You might expect PDF files to only be comprised of static documents, but surprisingly, the PDF file format supports Javascript with its own separate standard library. Modern browsers (Chromium, Firefox) implement this as part of their PDF engines. However, the APIs that are available in the browser are much more limited.
The full specfication for the JS in PDFs was only ever implemented by Adobe Acrobat, and it contains some ridiculous things like the ability to do 3D rendering, make HTTP requests, and detect every monitor connected to the user’s system. However, on Chromium and other browsers, only a tiny subset of this API was ever implemented, due to obvious security concerns. With this, we can do whatever computation we want, just with some very limited IO.
↫ LinuxPDF GitHub page
I’m both impressed and concerned.
Whatever could go wrong?
PostScript was Turing complete so it can do this kind of crazy stuff. PDF was designed to avoid this kind of shit and to make it predictable. Then some genius added full Javascript.
The problem with PostScript was not so much its “full blown language” ability but that code on one page could and would impact what was happening elsewhere. PostScript is all side-effects all the time. As a page-description language, it is a mess.
PostScript needed a “PostScript the Good Parts” moment. Before that really happened, we got PDF.
Can Encapsulated PostScript (aka EPS) alleviate parts of these issues ?
https://en.wikipedia.org/wiki/Encapsulated_PostScript
See… these developers do this type of thing to try and impress recruiters. I personally would never hire such a person. Something like this is a clear demonstration of someone who’s going to want to always do ‘interesting’ side projects and not work on anything that’s actually useful.

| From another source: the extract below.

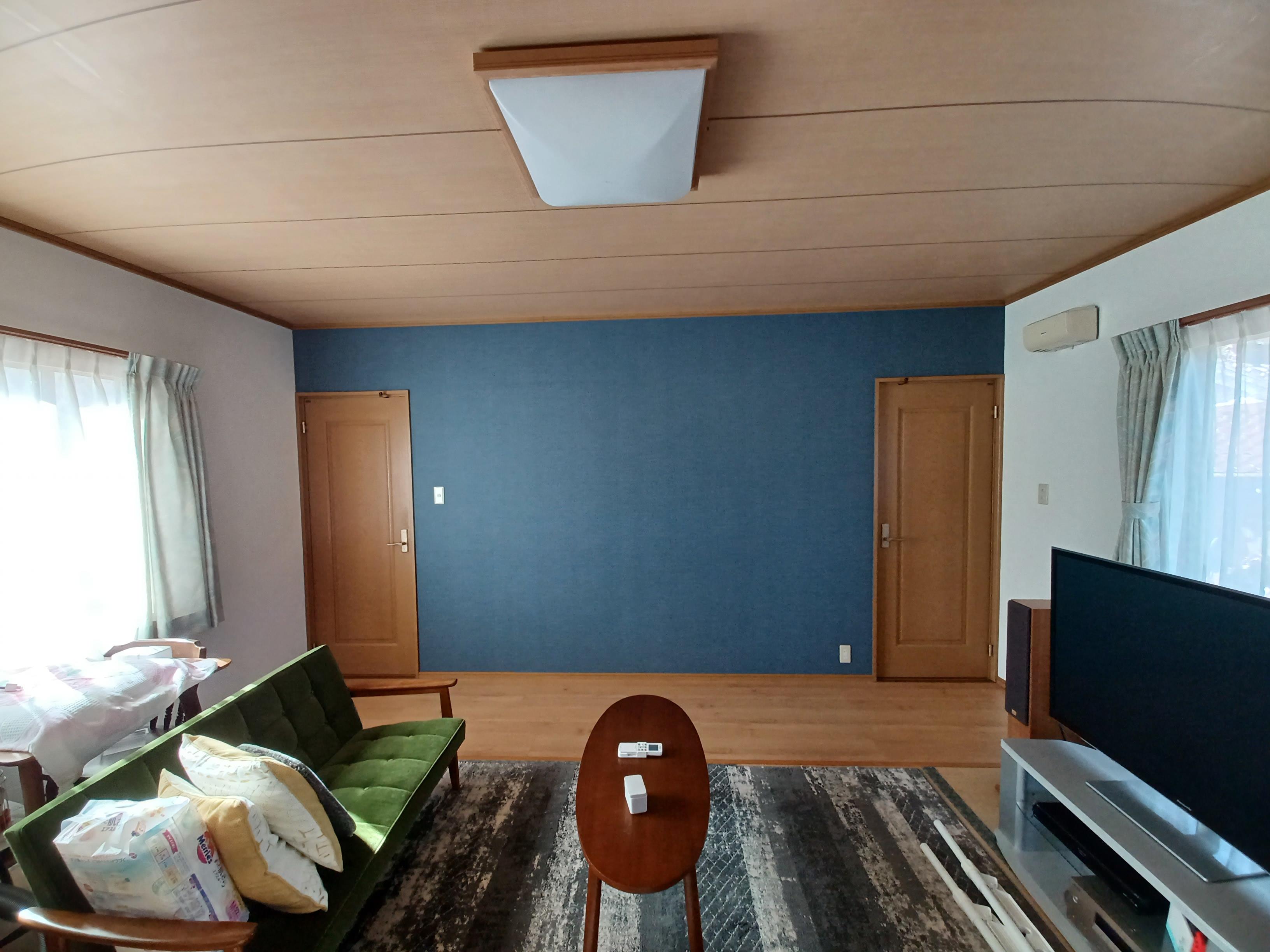 壁面収納が設置される予定の壁面は、紺色のアクセントクロスを貼ることによって、メリハリのある空間に仕上ることができました。

Rather than have wasted time building this, perhaps the effort would have been better spent on working on one of the several thousand bugs currently in Wayland’s backlog.
How the whole Linux community isn’t yet already working on it ?
If you look up JSLinux a similar kind of project, I believe that was done by the same person who also created QEMU.
QEMU is now what runs basically all VPS providers and almost all cloud providers except Azure (Amazon, Google, etc. use KVM/QEMU) and it’s the main program used by many (probably most) on Linux to run VMs.
Oh my word, it actually works. Go to linux[dot]doompdf[dot]dev and you’ll see it in action. You can run a lot of your typical linux command line utilities, all inside a PDF inside the chromium pdf viewer. This is very weird. And, like Thom said, it’s a bit disturbing.
Although, the doompdf game at doompdf[dot]dev is way cooler.
For those who haven’t seen it, you should also check out the site: JSLinux
You can run Linux but also Windows 2000 with GUI and even limited networking (it seems to go through a proxy server).